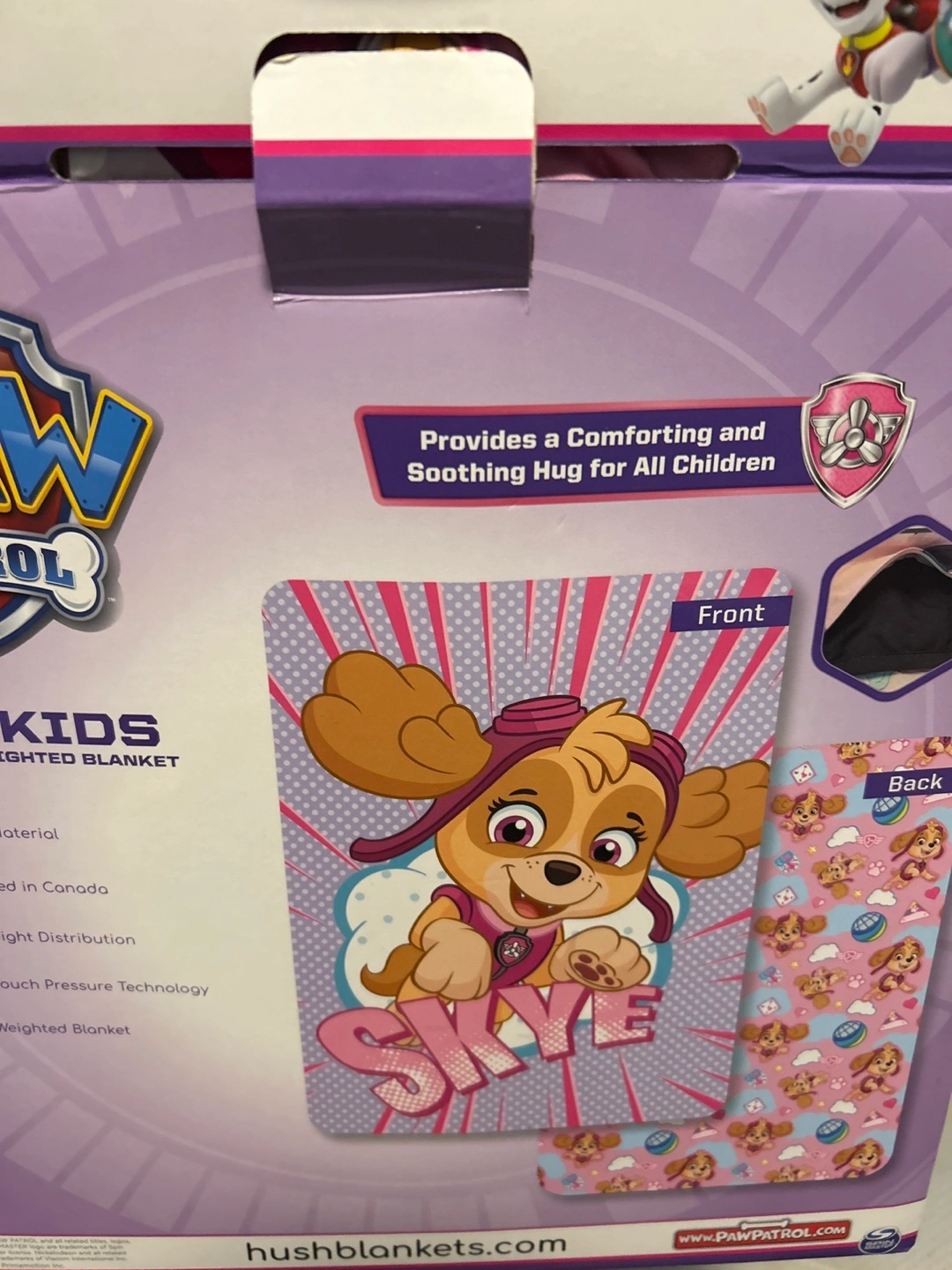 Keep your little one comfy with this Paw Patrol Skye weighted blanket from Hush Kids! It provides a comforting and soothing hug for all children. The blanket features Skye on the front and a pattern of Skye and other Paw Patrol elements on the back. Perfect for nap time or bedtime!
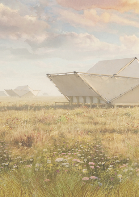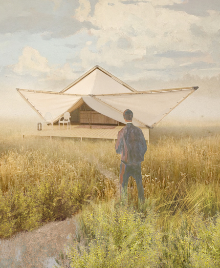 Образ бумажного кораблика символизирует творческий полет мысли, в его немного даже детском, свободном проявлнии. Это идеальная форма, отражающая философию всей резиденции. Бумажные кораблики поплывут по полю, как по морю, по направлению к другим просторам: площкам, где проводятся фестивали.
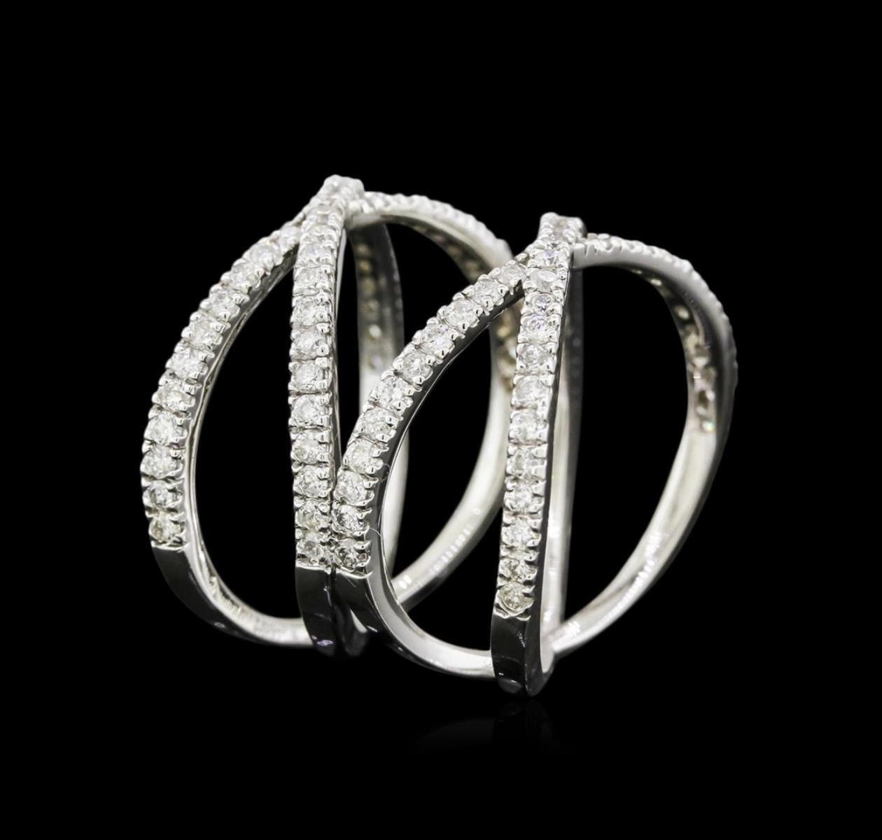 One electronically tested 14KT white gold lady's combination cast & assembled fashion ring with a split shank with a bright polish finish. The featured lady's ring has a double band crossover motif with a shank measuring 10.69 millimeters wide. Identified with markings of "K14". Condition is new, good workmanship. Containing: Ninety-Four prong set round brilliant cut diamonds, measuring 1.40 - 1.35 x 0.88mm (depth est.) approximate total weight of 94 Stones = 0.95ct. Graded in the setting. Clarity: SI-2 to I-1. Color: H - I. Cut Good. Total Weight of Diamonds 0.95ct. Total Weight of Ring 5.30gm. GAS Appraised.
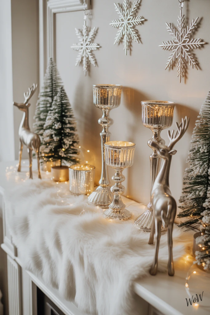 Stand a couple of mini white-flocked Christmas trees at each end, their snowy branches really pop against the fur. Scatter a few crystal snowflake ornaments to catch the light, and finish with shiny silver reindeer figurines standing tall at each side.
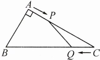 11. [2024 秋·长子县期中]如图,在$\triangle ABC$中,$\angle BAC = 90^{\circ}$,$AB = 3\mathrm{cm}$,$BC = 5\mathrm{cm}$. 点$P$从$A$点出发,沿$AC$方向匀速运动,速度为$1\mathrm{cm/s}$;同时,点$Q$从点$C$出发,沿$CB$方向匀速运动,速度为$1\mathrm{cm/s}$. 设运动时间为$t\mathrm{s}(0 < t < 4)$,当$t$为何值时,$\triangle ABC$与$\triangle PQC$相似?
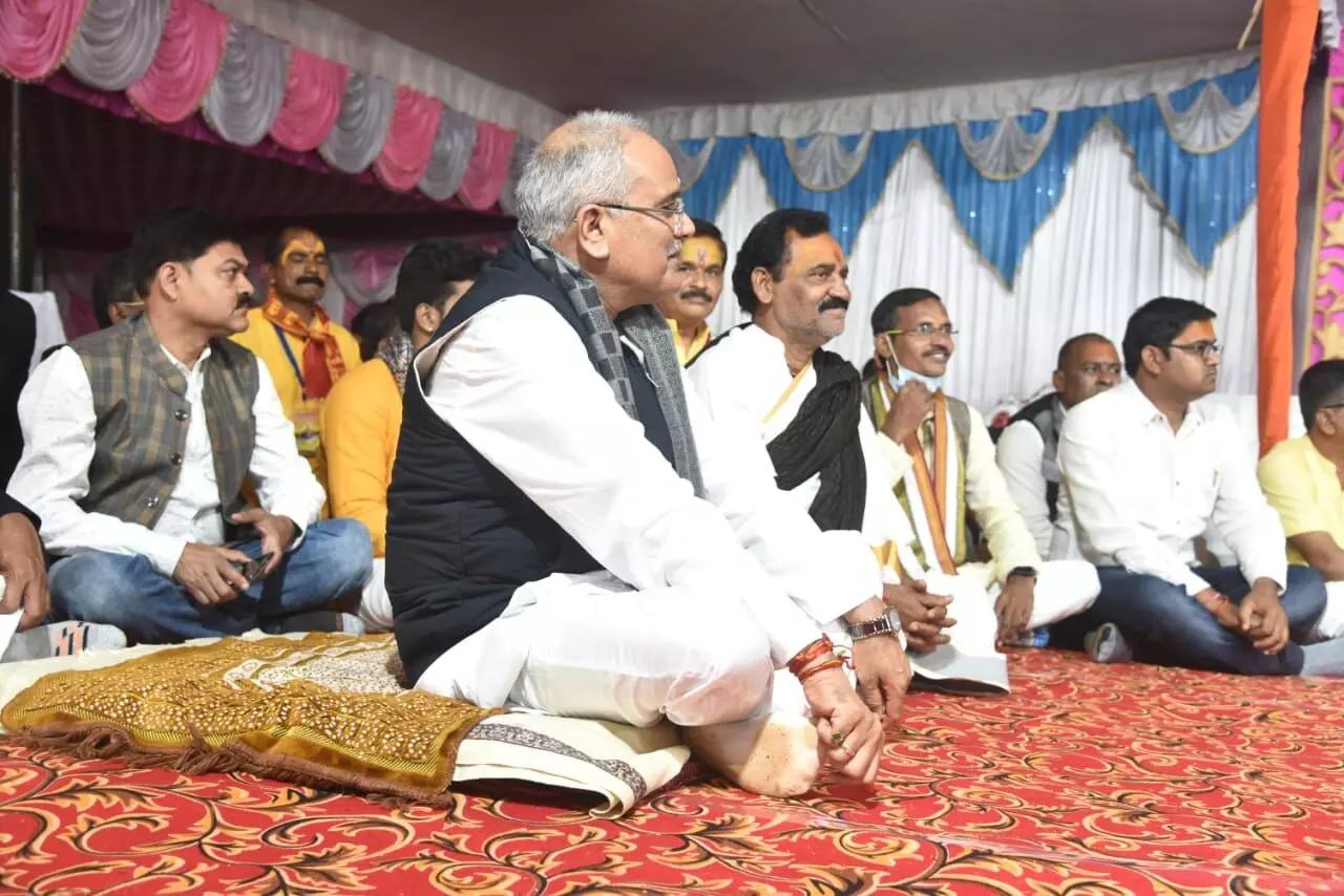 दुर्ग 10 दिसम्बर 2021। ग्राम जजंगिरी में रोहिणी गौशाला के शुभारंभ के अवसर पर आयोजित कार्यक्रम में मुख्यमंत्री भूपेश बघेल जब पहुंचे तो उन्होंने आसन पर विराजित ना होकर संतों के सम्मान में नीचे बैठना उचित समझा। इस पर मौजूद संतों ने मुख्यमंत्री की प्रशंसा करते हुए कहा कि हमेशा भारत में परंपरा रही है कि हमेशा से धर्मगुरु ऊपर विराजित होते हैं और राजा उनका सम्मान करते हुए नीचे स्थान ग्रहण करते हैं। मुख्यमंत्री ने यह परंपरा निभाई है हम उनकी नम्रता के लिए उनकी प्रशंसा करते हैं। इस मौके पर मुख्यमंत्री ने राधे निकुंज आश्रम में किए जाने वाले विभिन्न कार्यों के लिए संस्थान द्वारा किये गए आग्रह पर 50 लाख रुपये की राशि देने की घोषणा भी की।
● ● ●
WORK REQUEST:
In the entries above, find the line containing "Stand a couple" and the line containing "11. [2024 秋·长子县期中]如图,在$\triangle", then copy both and every line between them exactly, without any picture.

WRITTEN SOLUTION:
 Stand a couple of mini white-flocked Christmas trees at each end, their snowy branches really pop against the fur. Scatter a few crystal snowflake ornaments to catch the light, and finish with shiny silver reindeer figurines standing tall at each side.
 11. [2024 秋·长子县期中]如图,在$\triangle ABC$中,$\angle BAC = 90^{\circ}$,$AB = 3\mathrm{cm}$,$BC = 5\mathrm{cm}$. 点$P$从$A$点出发,沿$AC$方向匀速运动,速度为$1\mathrm{cm/s}$;同时,点$Q$从点$C$出发,沿$CB$方向匀速运动,速度为$1\mathrm{cm/s}$. 设运动时间为$t\mathrm{s}(0 < t < 4)$,当$t$为何值时,$\triangle ABC$与$\triangle PQC$相似?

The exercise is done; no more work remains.